### Data extract
* * * * * * * * *
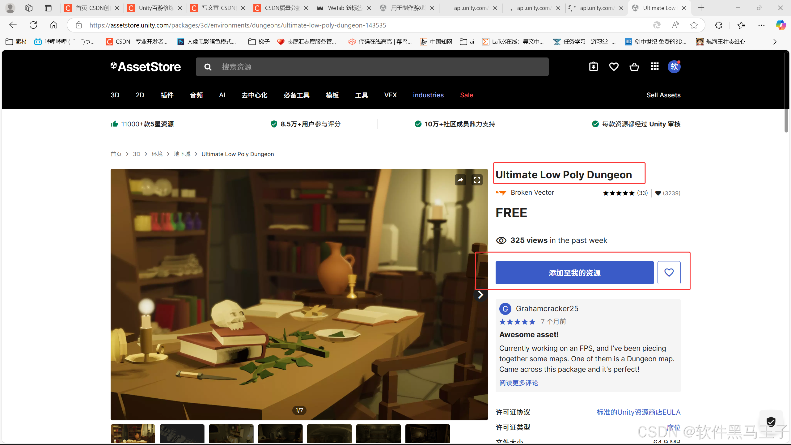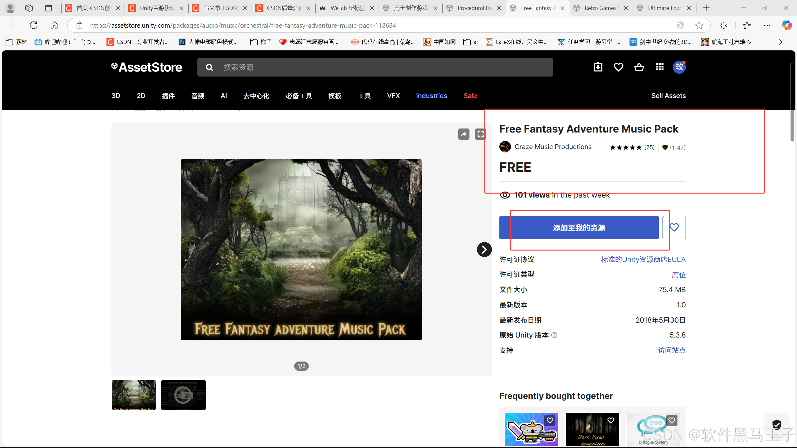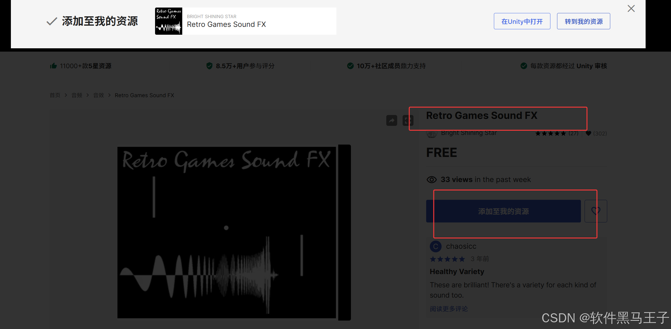 从上述提供的 Unity Asset Store 链接进入对应页面,点击下载按钮,将所需的场景、角色、音乐和特效资源下载到本地。
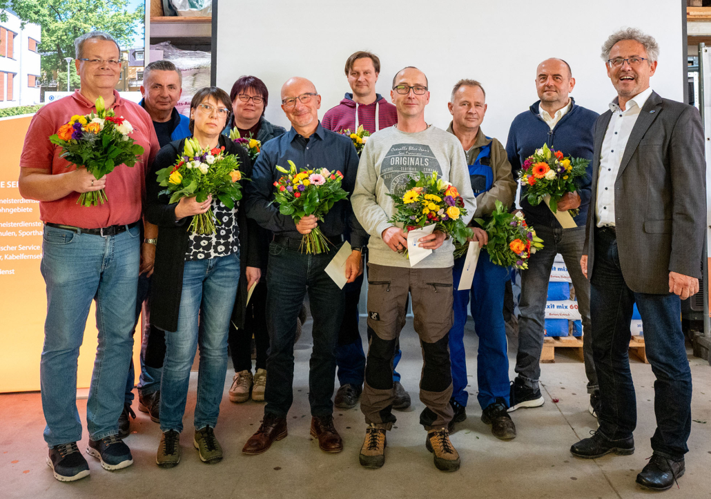 Vor über 25 Jahren fiel der Startschuss für die Gründung der Immobilienservice Weimar GmbH, die eine hundertprozentige Tochter der Weimarer Wohnstätte GmbH ist. Der Wunsch nach einem wirtschaftlich arbeitenden und flexibel agierenden Partner, der den Wohnungs- und Immobilienbestand professionell betreut, reicht bis zum Ende der 1990er Jahre zurück. Was im Jahr 2000 mit einigen wenigen Mitarbeitern begann, hat sich zu einem 70 Mann- und Frau-starken Unternehmen entwickelt. Deshalb sind heute zur Übergabe der IHK-Ehrenurkunde auch viele Mitarbeiter und Mitarbeiterinnen der „ersten Stunde“ anwesend. „Uns war es wichtig, auch diejenigen einzuladen, die den Immobilienservice mit aufgebaut und so den Grundstein dafür gelegt haben, was wir heute sind.“, sagt Geschäftsführer Udo Carstens. Er blickt auf die Anfänge zurück und nennt die wesentlichen Meilensteine der Unternehmensgeschichte. „Sie können zurecht stolz sein auf das, was Sie in den letzten 25 Jahren erreicht haben und ich bedanke mich ausdrücklich bei Ihnen allen, dass Sie unsere kommunalen Immobilien so gut in Schuss halten!“, gratuliert Oberbürgermeister und Aufsichtsratsvorsitzender Peter Kleine anerkennend. „Für uns gehören solche feierlichen Anlässe immer wieder zu den schönen Momenten unseres Amtes, da sie ein positives Signal aussenden und anderen Unternehmen in den schwierigen Zeiten Mut machen“ erklären Annette Projahn, Vorsitzende des Wirtschaftsbeirates Weimar/Weimarer Land, und Markus Heyn, Leiter des IHK-Regionalbüros Weimar. Sie sind heute zum Betriebshof in den Weimarer Norden gekommen, um die Ehrenurkunde persönlich zu überreichen.
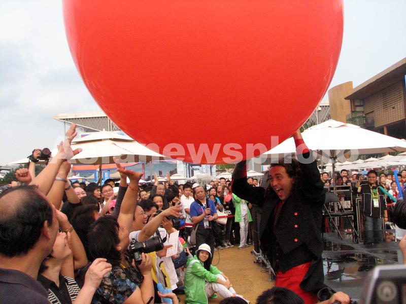 2010年5月29日,中国2010上海世博会十周年回顾:国外气球表演艺术家与游客观众互动。
* * * * * * * * *
### To do
Every line above is to be written out unchanged, with the pictures omitted.

### Solution for this exercise
 从上述提供的 Unity Asset Store 链接进入对应页面,点击下载按钮,将所需的场景、角色、音乐和特效资源下载到本地。
 Vor über 25 Jahren fiel der Startschuss für die Gründung der Immobilienservice Weimar GmbH, die eine hundertprozentige Tochter der Weimarer Wohnstätte GmbH ist. Der Wunsch nach einem wirtschaftlich arbeitenden und flexibel agierenden Partner, der den Wohnungs- und Immobilienbestand professionell betreut, reicht bis zum Ende der 1990er Jahre zurück. Was im Jahr 2000 mit einigen wenigen Mitarbeitern begann, hat sich zu einem 70 Mann- und Frau-starken Unternehmen entwickelt. Deshalb sind heute zur Übergabe der IHK-Ehrenurkunde auch viele Mitarbeiter und Mitarbeiterinnen der „ersten Stunde“ anwesend. „Uns war es wichtig, auch diejenigen einzuladen, die den Immobilienservice mit aufgebaut und so den Grundstein dafür gelegt haben, was wir heute sind.“, sagt Geschäftsführer Udo Carstens. Er blickt auf die Anfänge zurück und nennt die wesentlichen Meilensteine der Unternehmensgeschichte. „Sie können zurecht stolz sein auf das, was Sie in den letzten 25 Jahren erreicht haben und ich bedanke mich ausdrücklich bei Ihnen allen, dass Sie unsere kommunalen Immobilien so gut in Schuss halten!“, gratuliert Oberbürgermeister und Aufsichtsratsvorsitzender Peter Kleine anerkennend. „Für uns gehören solche feierlichen Anlässe immer wieder zu den schönen Momenten unseres Amtes, da sie ein positives Signal aussenden und anderen Unternehmen in den schwierigen Zeiten Mut machen“ erklären Annette Projahn, Vorsitzende des Wirtschaftsbeirates Weimar/Weimarer Land, und Markus Heyn, Leiter des IHK-Regionalbüros Weimar. Sie sind heute zum Betriebshof in den Weimarer Norden gekommen, um die Ehrenurkunde persönlich zu überreichen.
 2010年5月29日,中国2010上海世博会十周年回顾:国外气球表演艺术家与游客观众互动。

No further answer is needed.